*TASK GOAL*. After locating the line that holds "這是7月8日在大唐龍王溝煤礦井下拍攝的電力智能變頻設備。", copy that line and all that follow it word for word through the end of the data, with no pictures.

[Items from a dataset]
┄┄┄┄┄┄

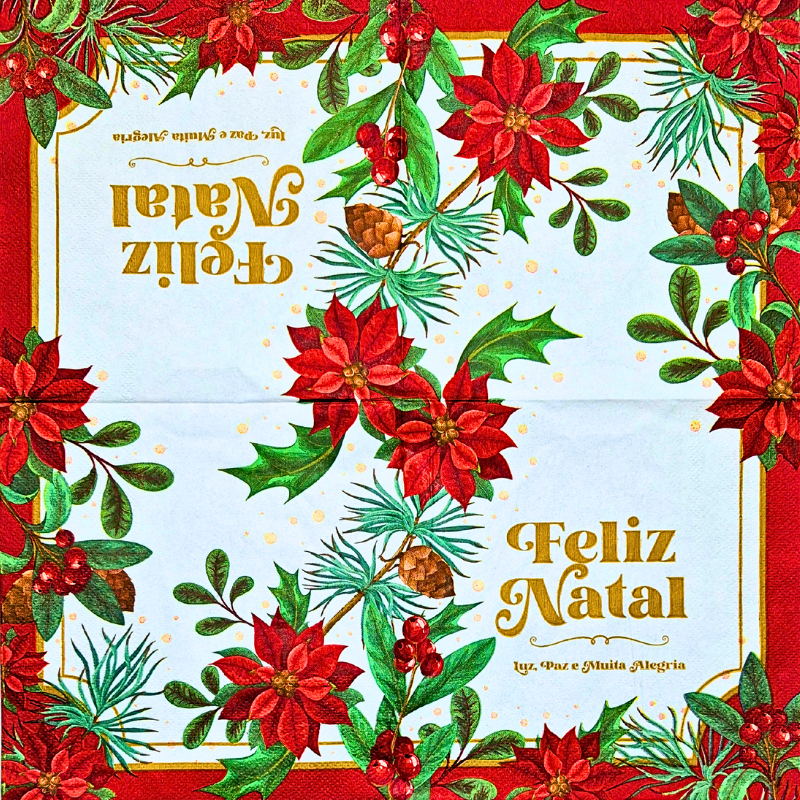 Tema: Natal Modelo 26 (Floral Feliz Natal, Luz, Paz e Muita Alegria).
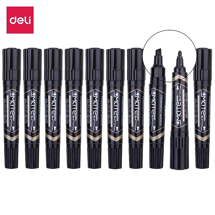 Bút dạ kính Deli - không xóa được - 2 đầu bút 2 kích cỡ ngòi - Mực Xanh/ Đen/ Đỏ - 10 cây/hộp - ES555
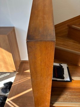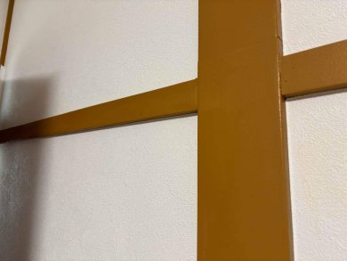 今回、室内の階段や窓枠の塗装に「日本ペイント」の「フタル酸樹脂エナメル塗料 17-50L」を使用させていただきました。剥がれが見られた箇所もしっかりと補修を施し、2度、3度と丁寧に塗り重ねることで、新築時のような美しい光沢と耐久性を取り戻しております。
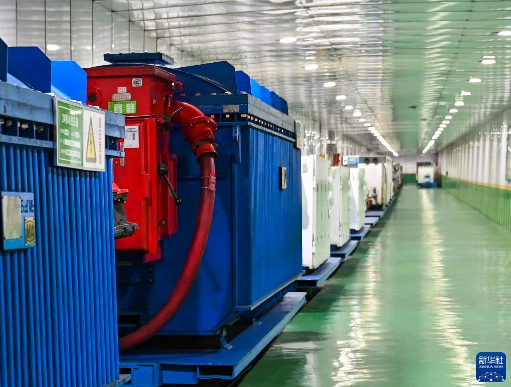 這是7月8日在大唐龍王溝煤礦井下拍攝的電力智能變頻設備。
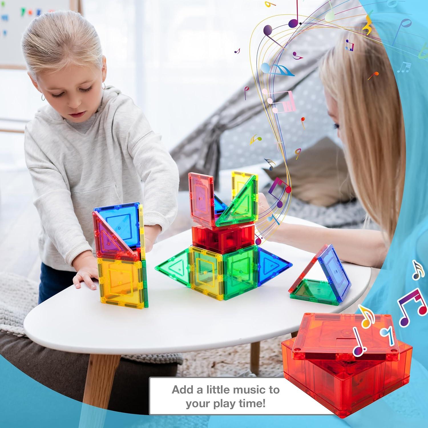 “Play Beyond Boundaries: Compatible with your existing magnetic building block tile sets, these Music Box tiles seamlessly integrate to expand your magnetic world. Discover a harmonious blend of innovation and entertainment for hours of joyful exploration.
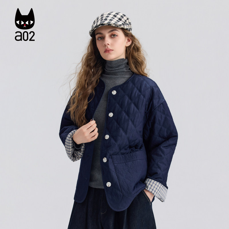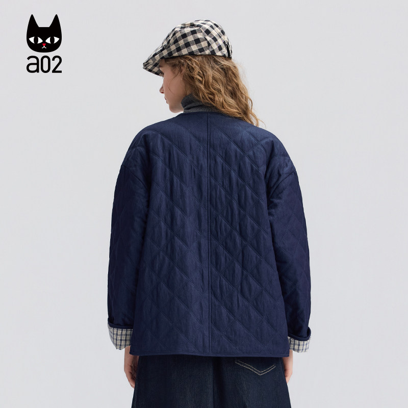 a02宽松菱格棉服女2025新款冬季加厚保暖夹棉外套大口袋冬装棉衣
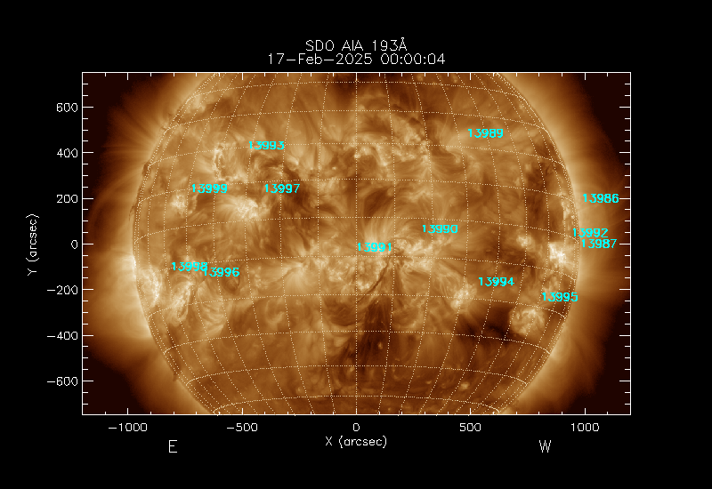 The 5 digit numbers in turquoise designate Active Regions;

┄┄┄┄┄┄

*PROBLEM SOLUTION*.
 這是7月8日在大唐龍王溝煤礦井下拍攝的電力智能變頻設備。
 “Play Beyond Boundaries: Compatible with your existing magnetic building block tile sets, these Music Box tiles seamlessly integrate to expand your magnetic world. Discover a harmonious blend of innovation and entertainment for hours of joyful exploration.
 a02宽松菱格棉服女2025新款冬季加厚保暖夹棉外套大口袋冬装棉衣
 The 5 digit numbers in turquoise designate Active Regions;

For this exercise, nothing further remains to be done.